Sinatra Project

Posted by Janae Quinones on December 14, 2020

This project, like the last, was pretty easy once I got the hang of it.

However

I can’t say that the entire Sinatra module didn’t give me actual anxiety attacks.

Working full time as a glorified receptionist at a hospital in NYC during a global pandemic, we were short staffed and I for sure had a lot on my plate. This project was the absolute last thing on my mind.

When I finally came around to doing this project, I was stuck on what kind of application I actually wanted to build. I thought about the database that I use at work. We log in, we pull up patient information and provider clinic/on-call information. While we don’t have the accessibility to necessarily create a new doctor or a new patient (this is usually done by administrators), who says the user in my project can’t be an administrator?

And since it’s my project I decided to make the best of it with the little time that I had.

Installing the Corneal gem was SO helpful in creating my folders. It save me so much time, and it even created a nice blue color scheme to go with my Grey Sloan Memorial Hospital logo that I implemented on the login page.

This application allows a user to log into the database, and they are welcomed by the homepage which displays a link to the available providers, and a link to edit user login information (which is validated by ActiveRecord).

When the available providers are displayed, the user has the option to choose an existing provider or create a new one. Creating a new provider will render a form with inputs that are validated by ActiveRecord and then saves that provider to the database. The application will then redirect the user to a page that displays that providers information such as name, specialty, clinic days, clinic location, and on call days. This page also includes a link that brings the user to a page that displays a list of that provider’s patients.

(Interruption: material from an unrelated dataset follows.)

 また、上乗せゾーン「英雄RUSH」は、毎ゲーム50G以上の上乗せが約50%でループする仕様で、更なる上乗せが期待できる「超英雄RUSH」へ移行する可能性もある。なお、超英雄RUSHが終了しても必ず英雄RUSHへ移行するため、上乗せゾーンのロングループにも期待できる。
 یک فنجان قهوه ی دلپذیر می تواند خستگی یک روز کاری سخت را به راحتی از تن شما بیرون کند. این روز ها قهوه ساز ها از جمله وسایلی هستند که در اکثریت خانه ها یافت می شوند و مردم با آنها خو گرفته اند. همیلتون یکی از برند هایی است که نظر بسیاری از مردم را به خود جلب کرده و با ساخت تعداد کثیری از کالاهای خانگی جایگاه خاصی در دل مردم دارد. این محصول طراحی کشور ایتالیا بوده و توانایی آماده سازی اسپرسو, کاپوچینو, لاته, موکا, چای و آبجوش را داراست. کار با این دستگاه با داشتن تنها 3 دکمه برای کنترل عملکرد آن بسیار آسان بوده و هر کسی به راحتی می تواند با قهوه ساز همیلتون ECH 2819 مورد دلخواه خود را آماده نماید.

This patients page will give the user an option to either choose an existing patient, or create a new patient that belongs to that provider. I found that understanding the concept of has_many and belongs_to was fairly simple, however getting my routes to work properly using the foreign keys and ActiveRecord methods was pretty tricky. One of the most challenging parts of this project was trying to figure out how to ensure a patient’s doctor_id was the correct one. Nonetheless, once I got the hang of it everything was smooth sailing!

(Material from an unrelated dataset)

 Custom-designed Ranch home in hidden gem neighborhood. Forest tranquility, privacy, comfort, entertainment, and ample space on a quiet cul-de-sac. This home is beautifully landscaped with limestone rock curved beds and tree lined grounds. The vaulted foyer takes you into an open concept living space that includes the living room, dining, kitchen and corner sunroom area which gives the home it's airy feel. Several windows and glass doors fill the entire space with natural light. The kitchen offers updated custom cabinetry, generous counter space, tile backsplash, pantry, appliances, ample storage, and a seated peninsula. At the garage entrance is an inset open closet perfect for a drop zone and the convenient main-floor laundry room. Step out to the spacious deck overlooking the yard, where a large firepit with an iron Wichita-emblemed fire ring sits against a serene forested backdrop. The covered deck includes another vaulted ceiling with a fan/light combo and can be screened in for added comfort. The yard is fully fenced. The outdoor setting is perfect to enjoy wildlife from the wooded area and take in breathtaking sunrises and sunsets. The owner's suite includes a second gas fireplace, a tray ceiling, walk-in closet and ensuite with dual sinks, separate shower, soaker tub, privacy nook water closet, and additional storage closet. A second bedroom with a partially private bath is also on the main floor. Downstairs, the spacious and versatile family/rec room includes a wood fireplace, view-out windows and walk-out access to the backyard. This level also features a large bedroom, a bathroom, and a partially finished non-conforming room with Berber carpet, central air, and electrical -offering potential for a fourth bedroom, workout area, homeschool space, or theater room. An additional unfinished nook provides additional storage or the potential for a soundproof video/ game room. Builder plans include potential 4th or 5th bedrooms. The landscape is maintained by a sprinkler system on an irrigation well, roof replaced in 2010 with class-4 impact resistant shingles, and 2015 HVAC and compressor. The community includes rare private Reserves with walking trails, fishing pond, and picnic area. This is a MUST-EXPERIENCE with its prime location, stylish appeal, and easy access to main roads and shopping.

In the pages that display a patient’s or a provider’s information, there is an link to edit the information. That link contains a form to edit which will be validated by ActiveRecord. It also contains a button to delete this patient or doctor. Something I had a hard time with was trying to figure out how to delete a doctor’s patients from the database when that doctor was being deleted. Turns out you can use ActiveRecord methods to obtain an array of patients, iterate over that array and delete each patient. Like this


    delete '/doctors/:id' do
        #deletes this doctor
        @doctor = Doctor.find(params[:id])
        @doctor.patients.each do |patient|
            patient.destroy #deletes this doctor's patients
        end
        @doctor.destroy 
        redirect to "/doctors"
    end

The easiest part of this project, in my opinion, was implementing validations and authorizations. The entire time I was doing this project, I kept thinking back to my CLI project and saying to myself “I can’t believe I wrote out all those methods”. Using rack, ActiveRecord, and Sinatra showed me how nice it is to inherit from code that has been written already.